Drug misuse is not a disease, it is a decision, like the decision to step out in front of a moving car. You would call that not a disease but an error in judgment. When a bunch of people begin to do it, it is a social error, a lifestyle. In this particular lifestyle, the motto is “Be happy now because tomorrow you are dying.” But the dying begins almost at once, and the happiness is a memory. It is, then, only a speeding up, an intensifying, of the ordinary human existence. It is not different from your lifestyle, it is only faster. It all takes place in days or weeks or months instead of years. “Take the cash and let the credit go,” as Villon said in 1460. But that is a mistake if the cash is a penny and the credit a whole lifetime.

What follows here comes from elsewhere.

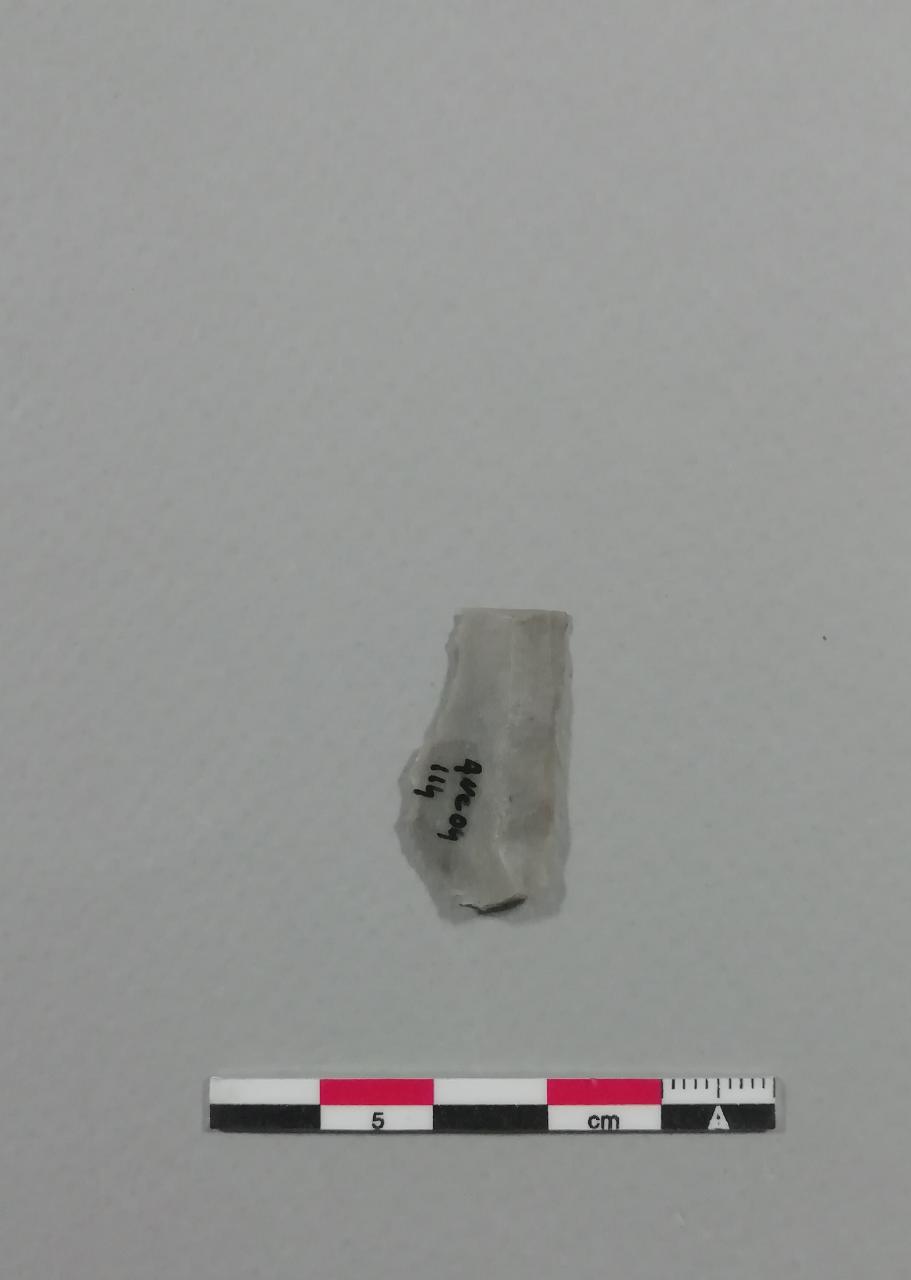 Raschiatoio lungo su lama (L1) a sezione trapezoidale in selce grigia, frammentato nella parte distale. Ritocco semplice marginale alternante sul lato destro.
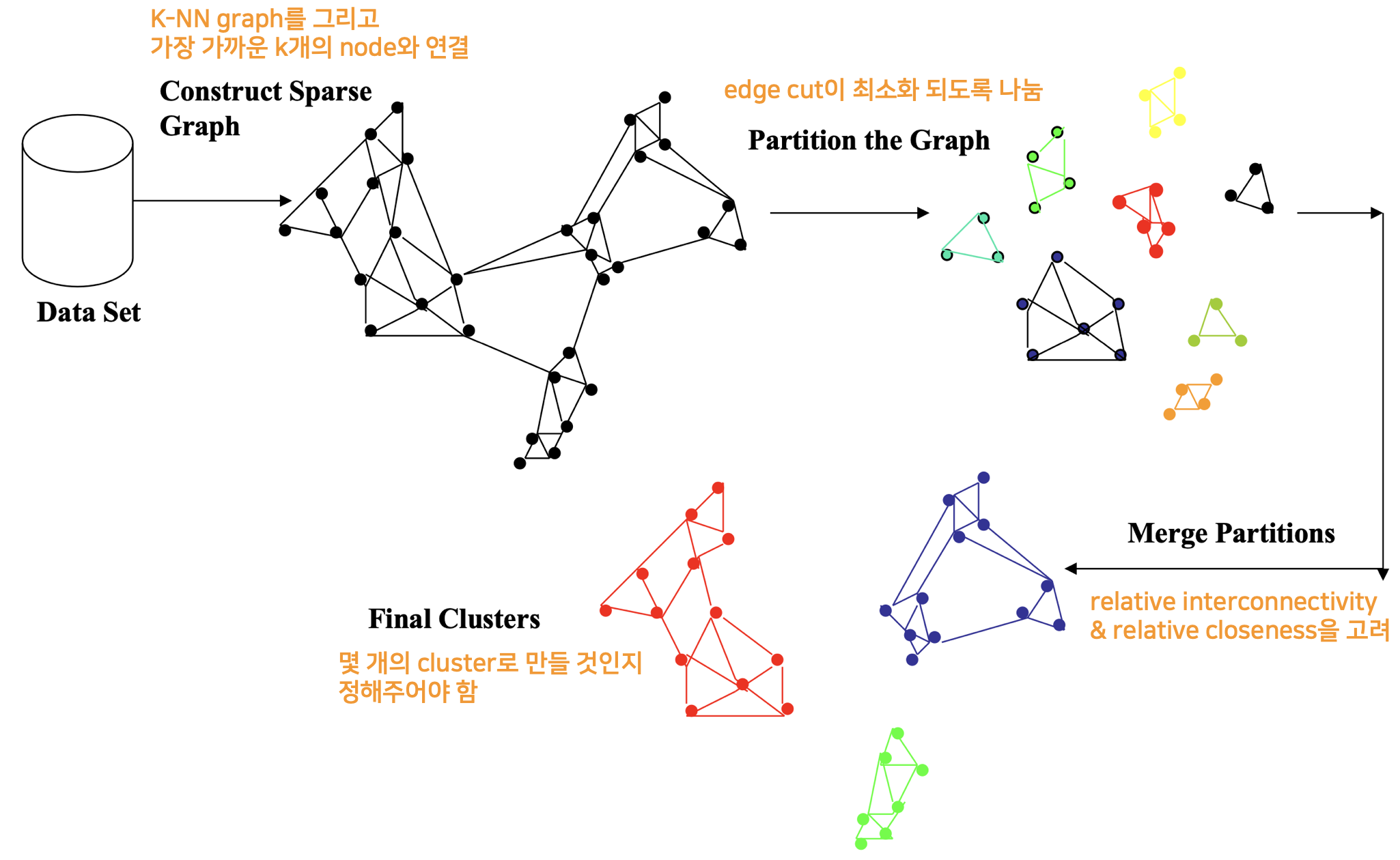 두 cluster 간 interconnectivity와 closeness가 상대적으로 크면 두 cluster를 merge한다.

There is no moral in this novel; it is not bourgeois; it does not say they were wrong to play when they should have toiled; it just tells what the consequences were. In Greek drama they were beginning, as a society, to discover science, which means causal law. Here in this novel, there is Nemesis: not fate, because any one of us could have chosen to stop playing in the street, but, as I narrate from the deepest part of my life and heart, a dreadful Nemesis for those who kept on playing. So, though, was our entire nation at this time. This novel is about more people than I knew personally. Some we all read about in the newspapers. It was, this sitting around with our buddies and bullshitting while making tape-recordings, the bad decision of the decade, the sixties, both in and out of the establishment. And nature cracked down on us. We were forced to stop by things dreadful.
If there was any ‘sin’, it was that these people wanted to keep on having a good time forever, and were punished for that, but, as I say, I feel that, if so, the punishment was far too great, and I prefer to think of it only in a Greek or morally neutral way, as mere science, as deterministic impartial cause-and-effect. I loved them all. Here is the list, to whom I dedicate my love:
To Gaylene deceased
To Ray deceased
To Francy permanent psychosis
To Kathy permanent brain damage
To Jim deceased
To Val massive permanent brain damage
To Nancy permanent psychosis
To Joanne permanent brain damage
To Maren deceased
To Nick deceased
To Terry deceased
To Dennis deceased
To Phil permanent pancreatic damage
To Sue permanent vascular damage
To Jerri permanent psychosis and vascular damage
…and so forth.
In Memoriam. These were comrades whom I had; there are no better. They remain in my mind, and the enemy will never be forgiven. The ‘enemy’ was their mistake in playing. Let them all play again, in some other way, and let them be happy.